Según un reciente informe de Bain & Company, en 2030 casi la mitad de los ingresos de la automatización industrial global procederán de soluciones basadas en inteligencia artificial, mientras que más del 80% de los beneficios del mercado se concentrarán en el software, los datos y los dispositivos inteligentes.
Durante décadas, la automatización industrial siguió una lógica relativamente estable. El desarrollo tecnológico se centró en mejorar la precisión de los sistemas de control, aumentar la velocidad de las líneas de producción y garantizar operaciones más seguras y eficientes. Los grandes fabricantes de automatización construyeron su liderazgo alrededor de controladores programables (PLC), sistemas de control distribuido (DCS), plataformas Scada y un amplio ecosistema de servicios asociados.
Ese modelo permitió modernizar miles de fábricas en todo el mundo y sentó las bases de la Industria 4.0. Sin embargo, la aparición de la inteligencia artificial está modificando profundamente las reglas del juego.
El informe Industrial Automation: From Control to Intelligence, elaborado por Bain & Company, sostiene que la industria no está viviendo únicamente una evolución tecnológica, sino un cambio estructural sobre dónde se genera realmente el valor económico. La automatización deja de consistir exclusivamente en ejecutar instrucciones para empezar a tomar decisiones, aprender continuamente y optimizar los procesos de manera autónoma.

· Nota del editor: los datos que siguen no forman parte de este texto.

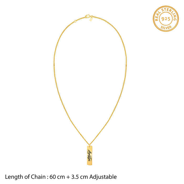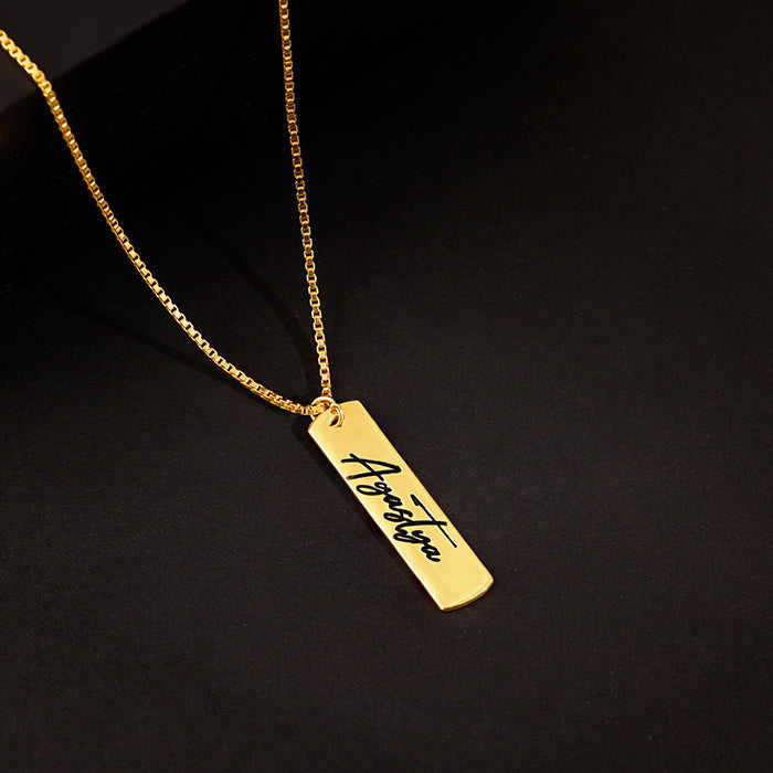 Collar con colgante fino con nombre de barra vertical dorada personalizada

Del control a la inteligencia
La principal conclusión del estudio puede resumirse en una idea: la automatización ya no gira alrededor del control de las máquinas, sino de la inteligencia que permite coordinar toda la operación industrial.
Hasta ahora, el corazón de una fábrica estaba formado por sistemas capaces de ejecutar órdenes de forma extremadamente fiable. Los controladores industriales recibían información de sensores, activaban actuadores y garantizaban que cada proceso siguiera exactamente la secuencia prevista.
Ese enfoque continúa siendo imprescindible. Ninguna planta puede funcionar sin sistemas de control robustos. Lo que cambia es el lugar donde se crea el mayor valor añadido.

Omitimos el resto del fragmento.